The server translates design intent for LLMs by mimicking a human developer's holistic understanding process, from high-level overviews to intricate details. It achieves this by surfacing specific types of context, allowing configuration to control what information is returned, through four primary mechanisms:

  1. Pattern Metadata: This mechanism leverages existing design system investments, such as components, variables, and styles that are already aligned between design and code. By providing direct references to these patterns, the server significantly improves the precision and efficiency of generated code while reducing LLM token usage. For instance, instead of an LLM inferring a component from a screenshot and potentially searching extensively or creating a new one, the Figma MCP server, via Code Connect, can provide the exact file path to the corresponding code component. Similarly, for design tokens (variables), it can supply the precise variable name and its associated code syntax (e.g., CSS variable name for a color), rather than just a hexadecimal value, enabling the LLM to use the correct design system primitive.

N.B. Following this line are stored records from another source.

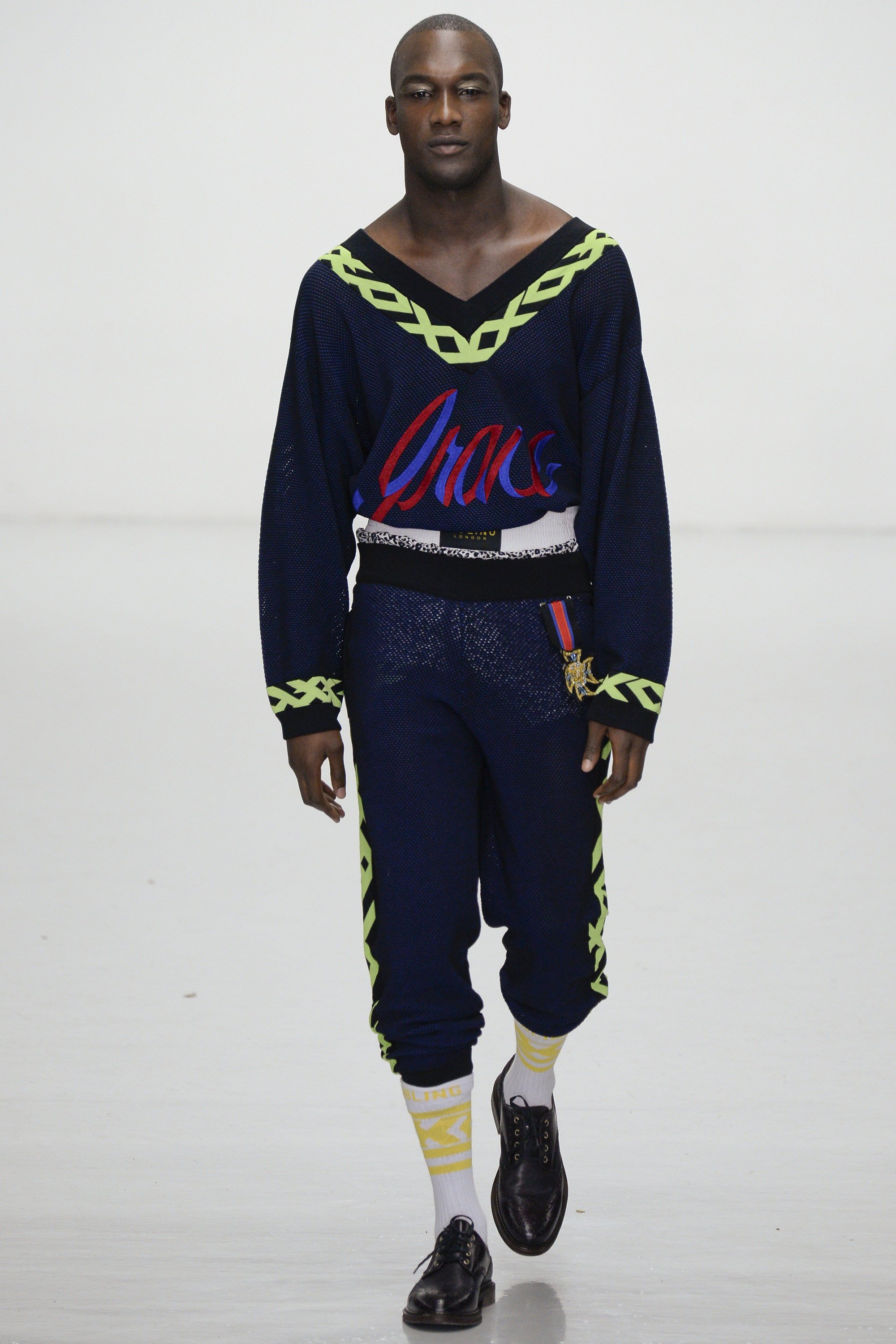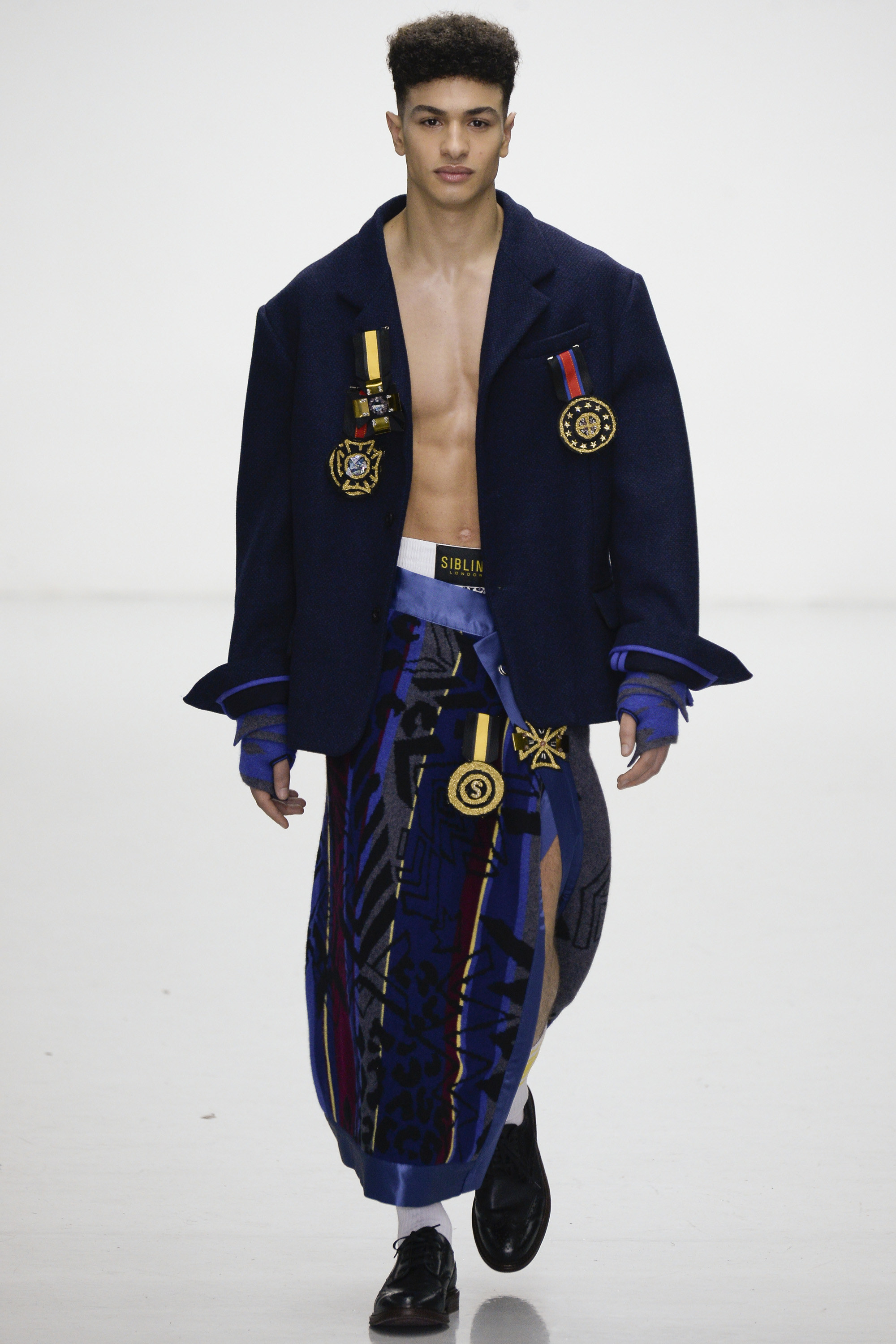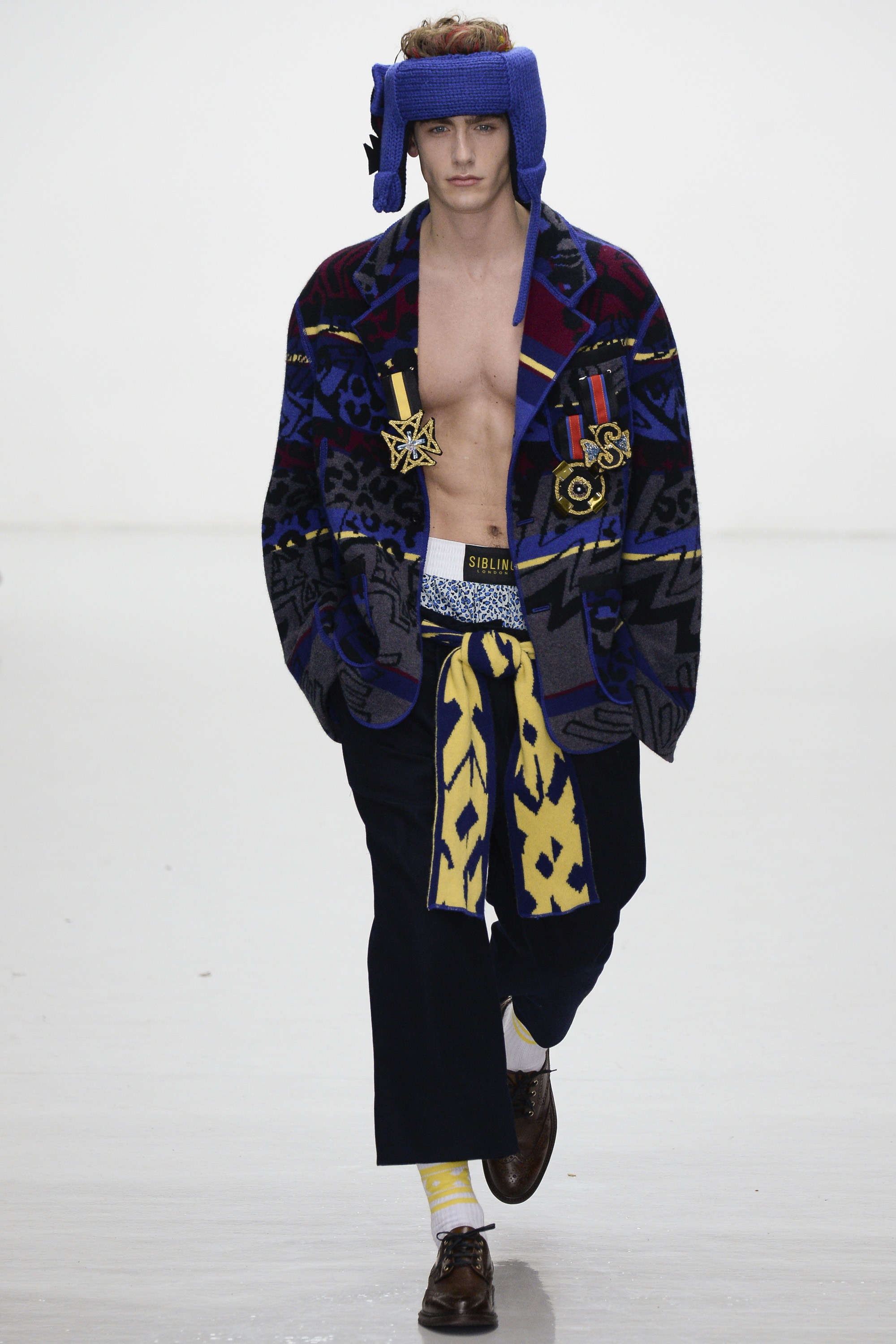 Ding dong, seconds out: Michael Halsband’s 1985 portrait of Andy Warhol and Jean-Michel Basquiat in boxing shorts and gloves sounded the starting bell for this progressively aggressive collection of virtuosity in knitwear. By Sibling’s unique standards, though, tonight’s show began gingerly, almost meekly, with black-backed blue or red jacquard blow-ups of a Sid Bryan doodle inspired by Basquiat and Grace Jones covers, on cardigans and blankets that were wrapped around the models like sarongs. Afterwards Bryan said he had been thrown against the ropes these first few rounds by the urge to keep this collection a muted one. “Last winter was so pink and so bright I wanted to do the antithesis of that . . . It was going to be all black and dark, dark navy. But then I couldn’t do it.”
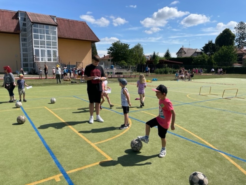 V posledním týdnu před prázdninami si užíváme spousty aktivit a jednou z tradičních a zároveň oblíbených je sportovní den. Žáci 9. tříd i letos nachystali pro děti z 1. stupně spoustu stanovišť, kde si kažý prověřil svou osobní zdatnost, rychlost, přesnost i obratnost. Děkujeme.
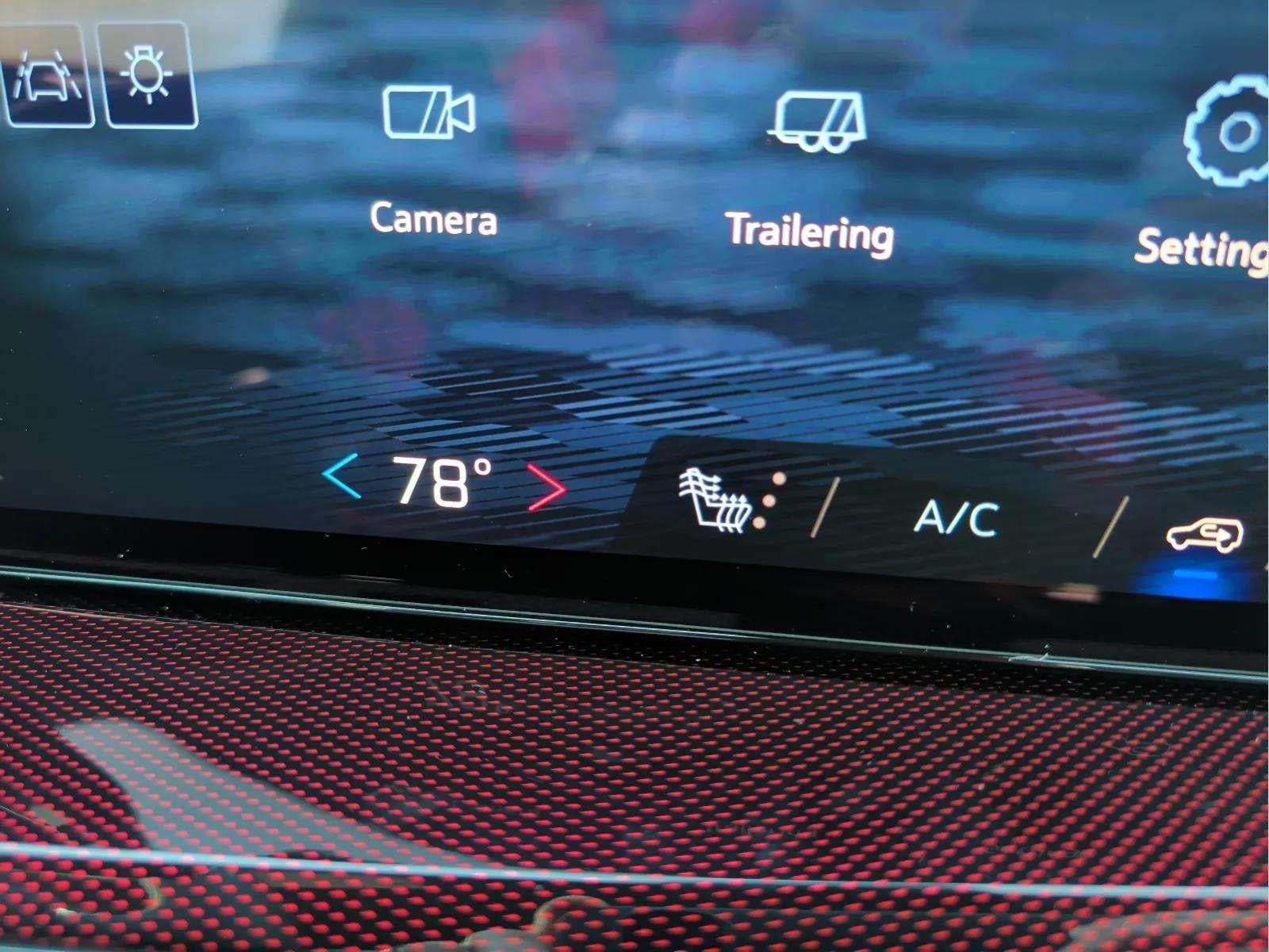 - Auxiliary controls in the rear of the cabin include air delivery mode and temperature up/down settings
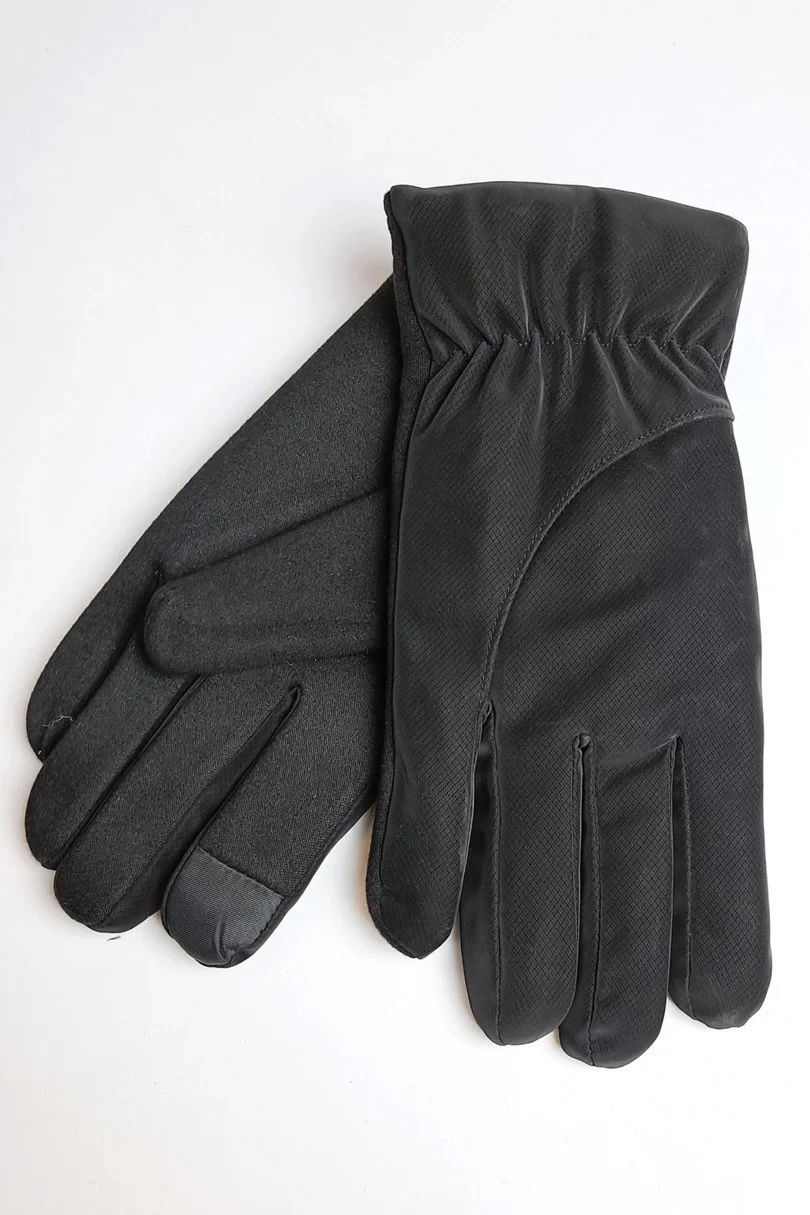 Pánské hřejivé rukavice, spodní část z úpletu, vrchní část z ortalionu, vnitřní strana vrchní části rukavic podšitá hřejivou vrstvou látky. Ukazováček má speciální materiál, který umožňuje ovládat telefon bez nutnosti sundání rukavice.
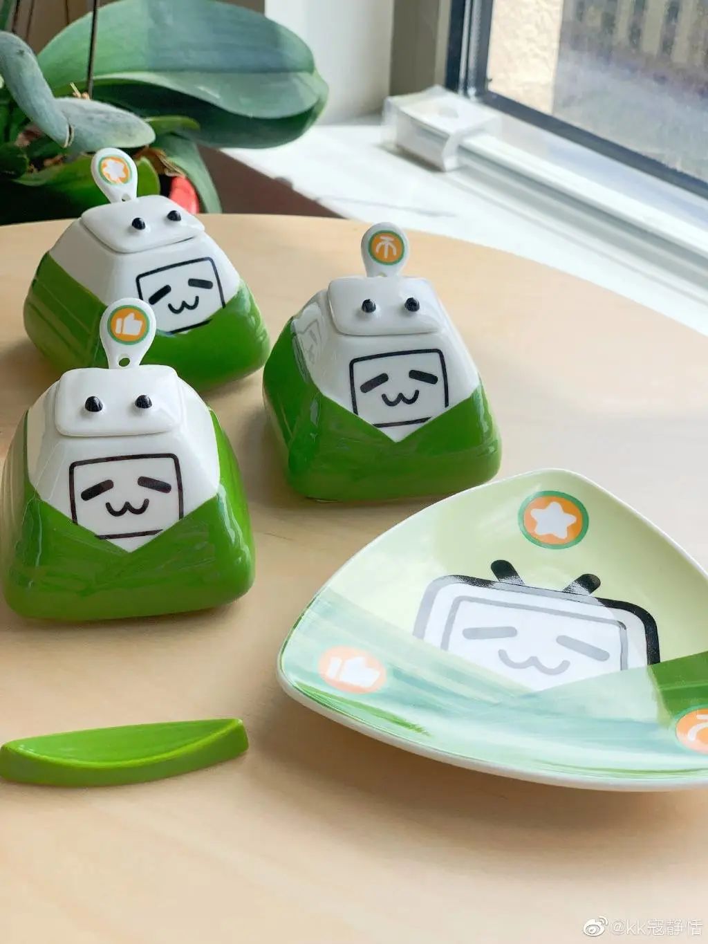 BILIBILI的端午礼盒里有陶瓷小电视粽式餐盘和调料罐,太可爱了吧~
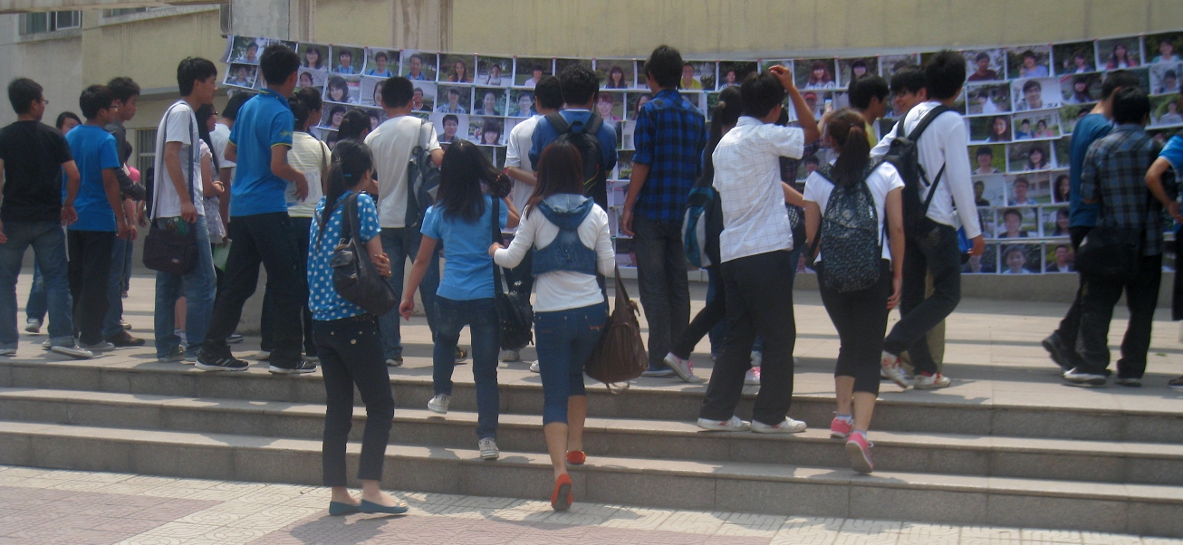 同学们驻足观看西科微笑墙
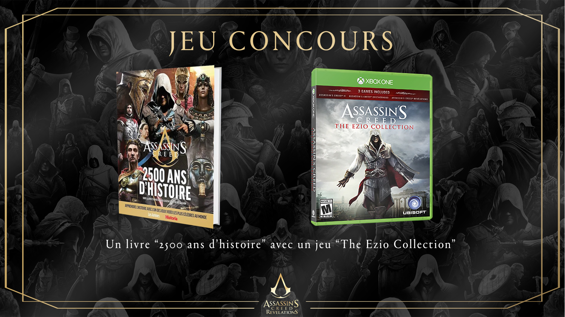 • 1 lot composé de 1 jeu vidéo Xbox "Ezio Collection" + 1 livre "2500 ans d'histoire"
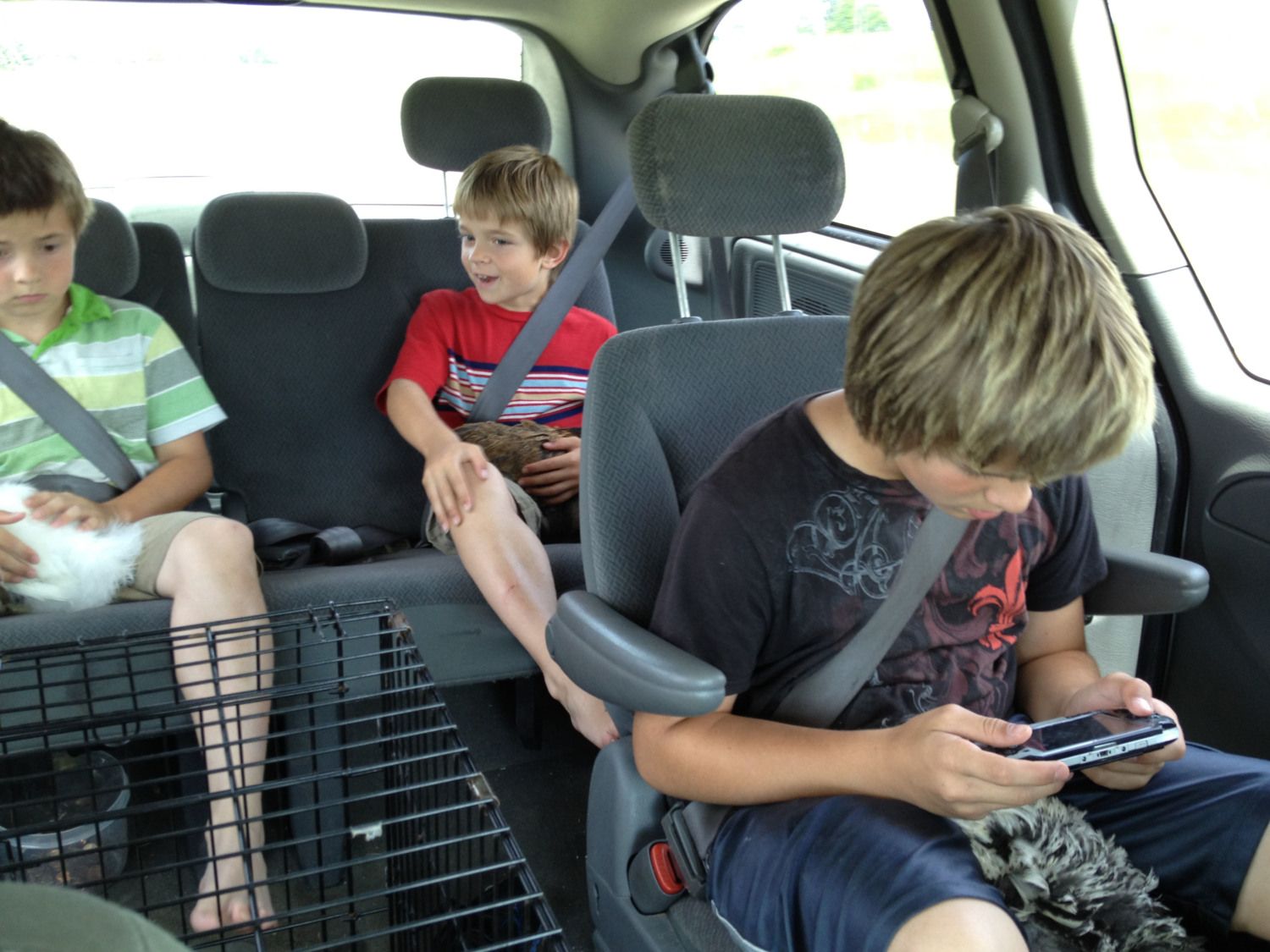 M2 - I'll have you know that Isaac, the middle kiddo, claimed the uggo. He calls it his vulture chicken and named it Drako...It's probably a boy so I'm sure the name will be fine. Lol Drako rode home on Isaac's lap and the dark brown chicken rode on Austin's lap. They are in chicken love.
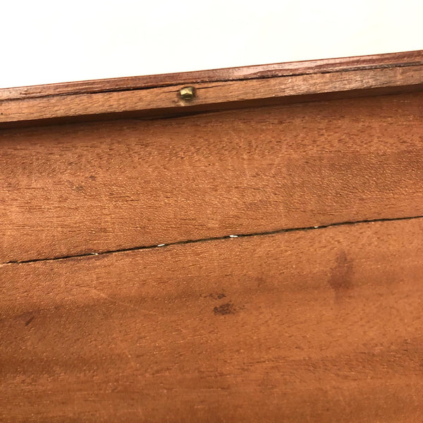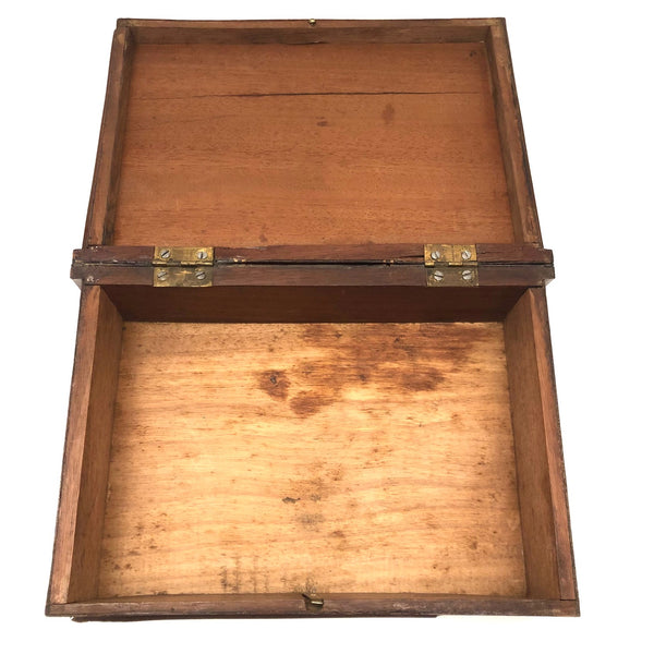 9 5/8" l x 6 7/8" w x 2 7/8" t. Very good condition, with flaws thoroughly documented. There is a split on the interior of the lid that shows inside the box, but it is double layered on the top so it does not show there.

  1. Screenshots: While pattern metadata is crucial for system alignment, visual context remains vital. Screenshots are provided to convey interactive content representation (e.g., an image of a map to represent an embedded map feature) or high-level structural understanding. These high-level screenshots capture the overall flow, sequence of screens, responsive contexts (mobile/desktop), and relationships between design sections or nodes, providing the LLM with an understanding of design intent that goes beyond style details. This visual information is supplementary, and when combined with Figma’s code outputs, it yields superior performance in code generation compared to either method alone.
  1. Interactivity (Pseudocode): To describe design behaviors and functionality, the server provides pseudocode or code examples. This "code prototype" is more effective than simply enumerating properties, especially when informed by the codebase through features like code syntax for variables and Code Connect for components. This approach is particularly useful for representing encapsulated functionality (e.g., a stateful component) or highlighting differences in a sequence of UI states. An example cited is the server providing working React and Tailwind CSS representations of an image gallery, which LLMs can directly incorporate.
  1. Content: The server also extracts and provides "placeholder content" from Figma, such as text strings, SVG assets, images, layer names, and annotations. This content is crucial for LLMs to derive how to populate the generated interface with actual data models from the code side. By understanding the implied content and its structure (e.g., through layer names or specific text elements), the LLM can more accurately infer the data relationships required for the final code.

The Figma MCP server is currently in beta, offering three primary tools to retrieve context: one for code, one for images, and one for variable definitions, accessible for current selections or specific node IDs. The code tool's response type is configurable (e.g., React and Tailwind output). Future developments include remote server capabilities, deeper codebase integrations, and support for features like annotations and Grid systems.